Resolution is: don't call render("human") is training. That's all you need.

So when you set the mode to "human", the environment should return an observation that a human can easily interpret. By default, batch of observations can be returned. Obviously, the programmer should configure the environment to support that two modes. For instance, I've seen what they do in the Mujoco environment.

ethancaballero commented 7 years ago

Also didn't see in Gym Hogwild and Batch support, but I guess can be added.

Here's an example of Hogwild with OpenAI Gym: https://github.com/ikostrikov/pytorch-a3c

We wanted to have a very clear consistent message passing object with fixed fields (the observation/action dict). I guess we could do that in Gym by dumping everything in observation, but it doesn't really have those fields?

OpenAI Universe has protocols for syncing text fields with environment frames/data: https://github.com/openai/universe/blob/02cbf092c1f0ba84547f93a7b4eb57e3a183c868/doc/protocols.rst#envtext

ethancaballero commented 7 years ago

With regards to openai gym/universe, I think ParlAI would first be most useful as means for gathering/organizing/serving (via ParlAI’s tools such as Mturk) transcripts of only humans communicating to acheive goals in a gym environment (with some non-linguistic components) whose frames/states are recorded in sync with humans’ communications & actions. The synced human transcripts & gym recordings would then be then be used to train the Neuralese<—>English semantic belief translators (English interoperabilities) of ML agents that invent their own language while communicating with only themselves to achieve goals (in a different instance of the same gym environment that the humans were recorded in) as outlined in @jacobandreas's “Translating Neuralese” https://arxiv.org/abs/1704.06960

jaseweston commented 7 years ago

Ah, ok, thanks much for the links! Yes, I definitely see in the future that somehow dialog has to be grounded more ;) ParlAI definitely does not solve ALL problems (yet!), but it does try to gather dialog resources in one place, and put the emphasis on dialog first. However, integration with other things at some stage looks very interesting indeed..

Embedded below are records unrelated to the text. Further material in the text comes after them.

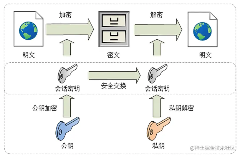 这样可以确保交换的密钥是安全的前提下,使用对称加密方式进行通信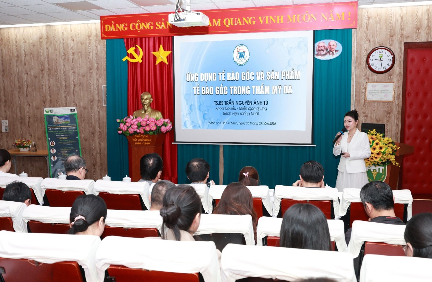 Ứng dụng thực chứng:Báo cáo của TS.BS. Trần Nguyên Ánh Tú mang đến góc nhìn lâm sàng sắc bén về ứng dụng tế bào gốc trong thẩm mỹ da, minh chứng cho việc chuyển hóa lý thuyết thành các phác đồ điều trị hiệu quả.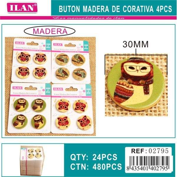 Ilan Bottone Decorativo in Legno 30mm Design Gufo Forniture per Artigianato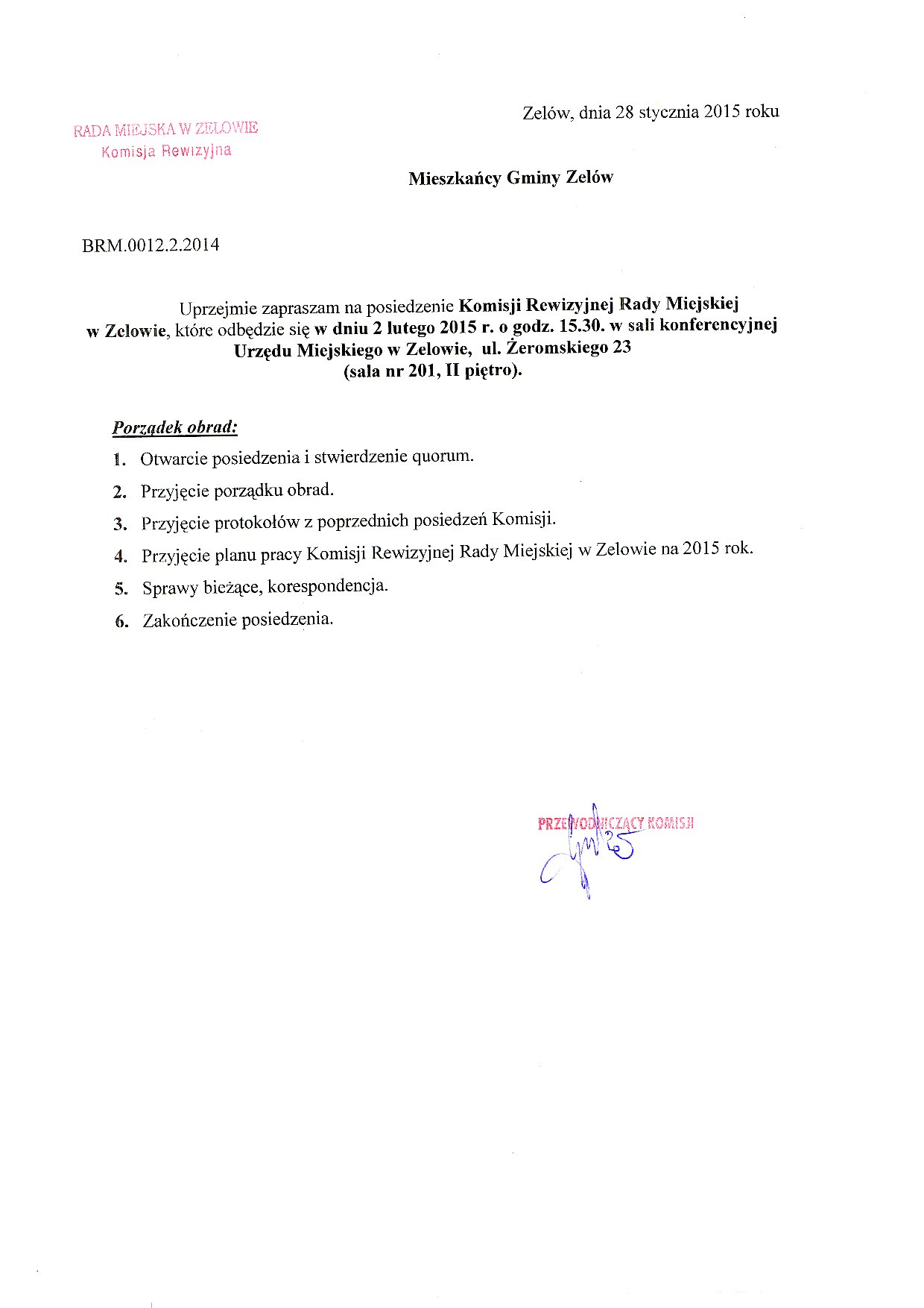 Zawiadomienie o posiedzeniu Komisji Rewizyjnej

On Thu, May 25, 2017 at 5:00 AM, Ethan Caballero notifications@github.com wrote:

With regards to openai gym/universe, I think ParlAI could be most useful as means for gathering/organizing/serving (via ParlAI’s tools such as Mturk) transcripts of only humans communicating to acheive goals in a gym environment (with some non-linguistic components) whose frames/states are recorded in sync with humans’ communications & actions. The human transcripts and gym recordings would then be then be used to train the Neuralese<—>English semantic belief translators of ML agents that invent their own language while communicating with only themselves to achieve goals (in a different instance of the same gym environment that the humans were recorded in) as outlined in @jacobandreas https://github.com/jacobandreas's “Translating Neuralese” https://arxiv.org/abs/1704.06960

— You are receiving this because you were mentioned. Reply to this email directly, view it on GitHub https://github.com/facebookresearch/ParlAI/issues/95#issuecomment-303960146, or mute the thread https://github.com/notifications/unsubscribe-auth/AKjk-PK8r8EN29sHqgU8IybjbJ8692AGks5r9UMngaJpZM4Nhnzo .

jaseweston commented 7 years ago

closing for now, but we can definitely come back to this.